Some highlights from today's clutter busting workshop:
One of the participants brought in about thirty records of the French singer, Charles Aznavour. She'd owned them for twenty years and had not listened to them in long while, but she couldn't let the records go. Upon some questioning, she realized she was hanging onto the records because they reminded her of a French teacher she had fallen in love with many years ago. She associated the records with her love for the teacher. When this became clear she let go of the records and felt a great relief.
Another person revealed that she kept her wedding dress in the trunk of her car. She'd gotten married fifteen years ago and was happily married, but for some reason the dress ended up in the car's trunk. And not just in her current car. It used to be in her previous car's trunk. I asked her if she'd go out to her car and get the wedding dress. She did. When she came back with the dress, I asked if she would be okay about letting it go. She felt sad thinking about it. She said she feared her husband would be upset at her if she donated the wedding dress. I asked if that was true. She surprised herself by saying no. She'd forgotten he'd actually told her a ways back that it was okay by him if she let go of the dress.
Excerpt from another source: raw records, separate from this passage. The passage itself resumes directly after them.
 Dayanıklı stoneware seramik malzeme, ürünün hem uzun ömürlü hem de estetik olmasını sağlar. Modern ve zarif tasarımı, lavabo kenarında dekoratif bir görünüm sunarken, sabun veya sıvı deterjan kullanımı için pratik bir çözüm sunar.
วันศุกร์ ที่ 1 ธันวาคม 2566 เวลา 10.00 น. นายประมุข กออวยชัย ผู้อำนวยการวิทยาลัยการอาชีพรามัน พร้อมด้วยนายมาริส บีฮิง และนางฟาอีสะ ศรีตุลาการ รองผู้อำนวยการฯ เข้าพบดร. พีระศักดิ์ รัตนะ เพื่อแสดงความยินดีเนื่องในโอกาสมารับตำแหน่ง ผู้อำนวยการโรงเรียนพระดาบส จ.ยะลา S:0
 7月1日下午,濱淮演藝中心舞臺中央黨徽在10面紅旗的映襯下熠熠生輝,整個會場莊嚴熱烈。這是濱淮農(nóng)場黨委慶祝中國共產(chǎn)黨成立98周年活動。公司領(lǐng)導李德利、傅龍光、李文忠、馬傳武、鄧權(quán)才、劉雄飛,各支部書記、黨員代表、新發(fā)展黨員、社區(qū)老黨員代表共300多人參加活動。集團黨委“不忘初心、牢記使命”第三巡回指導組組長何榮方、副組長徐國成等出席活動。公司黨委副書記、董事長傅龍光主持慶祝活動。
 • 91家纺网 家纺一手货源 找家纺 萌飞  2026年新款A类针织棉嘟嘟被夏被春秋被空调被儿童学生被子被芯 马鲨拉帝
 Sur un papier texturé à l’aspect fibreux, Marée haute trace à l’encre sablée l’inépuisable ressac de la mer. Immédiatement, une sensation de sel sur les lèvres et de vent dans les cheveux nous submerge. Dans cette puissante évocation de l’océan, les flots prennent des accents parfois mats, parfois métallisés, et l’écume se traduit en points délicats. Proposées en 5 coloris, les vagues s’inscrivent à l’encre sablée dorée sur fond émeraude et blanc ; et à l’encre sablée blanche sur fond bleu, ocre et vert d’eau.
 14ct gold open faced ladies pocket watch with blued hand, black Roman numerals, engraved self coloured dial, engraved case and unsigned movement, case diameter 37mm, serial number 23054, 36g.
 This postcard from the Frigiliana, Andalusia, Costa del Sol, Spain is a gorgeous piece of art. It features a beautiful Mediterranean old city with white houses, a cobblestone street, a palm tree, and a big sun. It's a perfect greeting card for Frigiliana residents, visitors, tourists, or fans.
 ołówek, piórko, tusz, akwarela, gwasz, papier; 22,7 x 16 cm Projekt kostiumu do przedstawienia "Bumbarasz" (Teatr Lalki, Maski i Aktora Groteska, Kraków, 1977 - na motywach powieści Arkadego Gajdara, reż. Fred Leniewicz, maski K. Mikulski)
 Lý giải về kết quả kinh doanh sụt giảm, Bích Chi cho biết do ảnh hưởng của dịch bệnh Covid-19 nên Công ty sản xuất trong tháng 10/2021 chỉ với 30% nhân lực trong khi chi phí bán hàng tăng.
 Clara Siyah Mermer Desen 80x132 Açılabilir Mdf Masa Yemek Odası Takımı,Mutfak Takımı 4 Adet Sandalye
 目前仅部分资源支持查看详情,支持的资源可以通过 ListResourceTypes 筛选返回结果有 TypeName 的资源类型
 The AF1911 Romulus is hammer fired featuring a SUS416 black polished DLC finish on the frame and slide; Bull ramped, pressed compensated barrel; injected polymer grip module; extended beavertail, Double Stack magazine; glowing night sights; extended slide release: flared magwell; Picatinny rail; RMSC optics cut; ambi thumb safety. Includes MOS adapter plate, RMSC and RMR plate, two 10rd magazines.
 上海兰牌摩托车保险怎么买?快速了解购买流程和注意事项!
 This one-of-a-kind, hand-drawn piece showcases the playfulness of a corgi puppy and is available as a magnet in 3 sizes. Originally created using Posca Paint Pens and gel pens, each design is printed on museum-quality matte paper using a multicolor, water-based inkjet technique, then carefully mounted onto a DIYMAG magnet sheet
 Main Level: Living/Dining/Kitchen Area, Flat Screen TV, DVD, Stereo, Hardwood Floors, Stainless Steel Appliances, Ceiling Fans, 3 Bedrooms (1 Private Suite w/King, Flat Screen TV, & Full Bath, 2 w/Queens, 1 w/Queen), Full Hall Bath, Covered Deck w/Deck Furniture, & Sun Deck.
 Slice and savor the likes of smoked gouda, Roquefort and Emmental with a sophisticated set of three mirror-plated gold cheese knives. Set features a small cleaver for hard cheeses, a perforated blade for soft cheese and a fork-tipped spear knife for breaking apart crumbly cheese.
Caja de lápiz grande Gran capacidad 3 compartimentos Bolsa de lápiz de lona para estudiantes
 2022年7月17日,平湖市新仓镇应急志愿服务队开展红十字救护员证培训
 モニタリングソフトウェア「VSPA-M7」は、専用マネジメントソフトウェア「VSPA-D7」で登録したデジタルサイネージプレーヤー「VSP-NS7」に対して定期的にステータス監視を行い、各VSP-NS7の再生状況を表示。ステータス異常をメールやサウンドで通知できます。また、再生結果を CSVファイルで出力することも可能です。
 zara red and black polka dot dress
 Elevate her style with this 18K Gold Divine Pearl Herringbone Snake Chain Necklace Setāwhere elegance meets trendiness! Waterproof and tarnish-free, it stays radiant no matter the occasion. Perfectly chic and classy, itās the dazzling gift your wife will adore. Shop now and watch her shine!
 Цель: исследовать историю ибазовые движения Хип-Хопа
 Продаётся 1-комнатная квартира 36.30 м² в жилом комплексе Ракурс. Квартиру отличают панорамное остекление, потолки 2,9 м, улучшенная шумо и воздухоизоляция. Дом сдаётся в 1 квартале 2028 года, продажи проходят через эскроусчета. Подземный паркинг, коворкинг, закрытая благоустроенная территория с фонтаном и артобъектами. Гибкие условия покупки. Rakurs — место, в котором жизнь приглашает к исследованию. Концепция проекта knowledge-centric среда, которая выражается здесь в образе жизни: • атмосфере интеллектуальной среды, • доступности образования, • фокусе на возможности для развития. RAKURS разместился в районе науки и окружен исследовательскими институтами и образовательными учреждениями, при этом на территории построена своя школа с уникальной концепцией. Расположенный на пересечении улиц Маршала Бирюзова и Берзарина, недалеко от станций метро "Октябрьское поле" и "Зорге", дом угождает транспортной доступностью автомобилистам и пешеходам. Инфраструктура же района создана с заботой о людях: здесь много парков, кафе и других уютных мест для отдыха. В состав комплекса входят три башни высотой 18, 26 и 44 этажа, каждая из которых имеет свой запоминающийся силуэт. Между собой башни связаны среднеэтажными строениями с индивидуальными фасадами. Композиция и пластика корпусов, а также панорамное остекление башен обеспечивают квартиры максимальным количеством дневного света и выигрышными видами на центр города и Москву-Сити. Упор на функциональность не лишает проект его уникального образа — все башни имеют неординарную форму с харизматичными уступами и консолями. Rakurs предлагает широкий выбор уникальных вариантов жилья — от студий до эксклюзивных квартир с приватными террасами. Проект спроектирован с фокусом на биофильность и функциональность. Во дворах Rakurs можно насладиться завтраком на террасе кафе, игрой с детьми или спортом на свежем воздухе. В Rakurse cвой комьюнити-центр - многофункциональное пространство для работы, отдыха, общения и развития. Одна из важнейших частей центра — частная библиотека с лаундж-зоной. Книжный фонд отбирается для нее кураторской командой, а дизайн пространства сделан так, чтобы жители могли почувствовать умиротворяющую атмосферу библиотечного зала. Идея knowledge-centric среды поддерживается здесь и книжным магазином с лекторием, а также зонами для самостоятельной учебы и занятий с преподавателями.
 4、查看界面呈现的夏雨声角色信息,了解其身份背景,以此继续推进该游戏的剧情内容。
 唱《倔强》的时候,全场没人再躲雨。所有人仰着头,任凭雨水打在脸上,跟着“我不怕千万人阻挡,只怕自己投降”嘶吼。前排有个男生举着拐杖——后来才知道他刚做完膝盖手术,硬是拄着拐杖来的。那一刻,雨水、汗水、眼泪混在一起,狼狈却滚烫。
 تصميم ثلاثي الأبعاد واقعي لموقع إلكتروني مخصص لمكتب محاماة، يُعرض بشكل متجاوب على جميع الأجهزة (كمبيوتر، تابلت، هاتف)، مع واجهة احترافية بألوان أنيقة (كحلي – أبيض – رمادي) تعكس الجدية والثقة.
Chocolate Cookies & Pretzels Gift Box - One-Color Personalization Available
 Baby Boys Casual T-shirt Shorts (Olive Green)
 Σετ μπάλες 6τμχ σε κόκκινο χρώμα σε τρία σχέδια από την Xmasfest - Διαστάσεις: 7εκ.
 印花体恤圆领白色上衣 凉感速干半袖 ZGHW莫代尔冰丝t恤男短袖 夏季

She put it in the donation pile.
Someone brought in photos of the clutter in the guest room of her home. Clutter had taken over the space. Clutter was a guest in her home. She hated going into the guest room because of all the crap in there. The stuff intimidated her and kept her from clutter busting that space. She grimaced, groaned and sadly complained as she showed us many photos of the clutter. The chaos from the clutter was causing her pain. I said the clutter was a toxic presence in her home. It was physically debilitating and emotionally crippling. If she had a gas leak in her home, she would immediately call the gas company to come on over and fix the leak. Because of the harsh effect of the clutter on her, it was important for her to treat the clutter as toxic as a gas leak. She got the immediacy of the situation. She understood that she had to boot the clutter from her guest room when she got home.